An increasing number of companies and public authorities involved in logistics are transitioning towards paperless operations. They are deploying IT systems and interfaces that can provide data to their clients and can also deliver data to a data sharing grid when needed. When used together in large numbers, and co-ordinated via internet commands, hundreds or thousands of these small-scale generation and storage systems can act in concert, functioning, in effect, as a virtual data sharing grid that can be used at any time. Users must opt in to allow their equipment to be used in this way. A virtual federated data sharing grid enables all participating organizations to function as data generating power plants, Decentralized Data Resources (DDR).

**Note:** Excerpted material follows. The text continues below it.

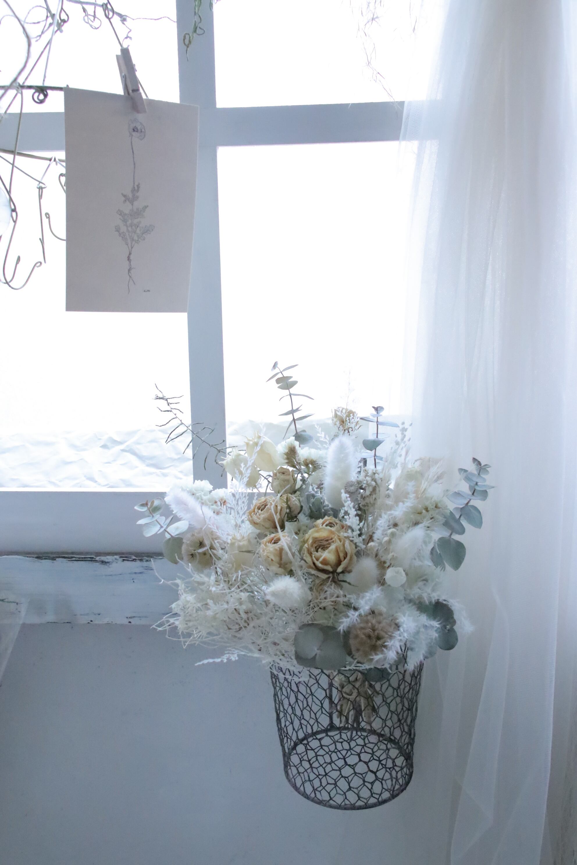 エクリュカラーブーケinアイアンフックシャビーバスケット

A digital market is emerging. The participating organizations can function as data holders as well as data users. All DDRs are rewarded for the data supplied, either to conduct commercial transactions (B2B - Value Added Services) or to comply with laws and regulations (B2A - eGovernment). The current need for third party involvement (either being centralizing national gateways or commercial propriety data platforms) to organize data supply on a 24/7 basis can be eliminated. DDRs can also help public authorities promoting the greening of transport, trade facilitation and smart mobility. This must be managed carefully to balance supply and demand, particularly in supply chains that rely heavily on operators that are only on the verge of engaging in data driven logistics (digital readiness). DDRs are an example of how “smart grids” can facilitate the shift towards a seamless multimodal fright transport market.
The grid is defined by the FEDeRATED functional requirements and technical specifications. The market conditions are based on the FEDeRATED organisational requirements establishing a set of agreements governing the EU Single Digital Market framework (EU Mobility Data Space).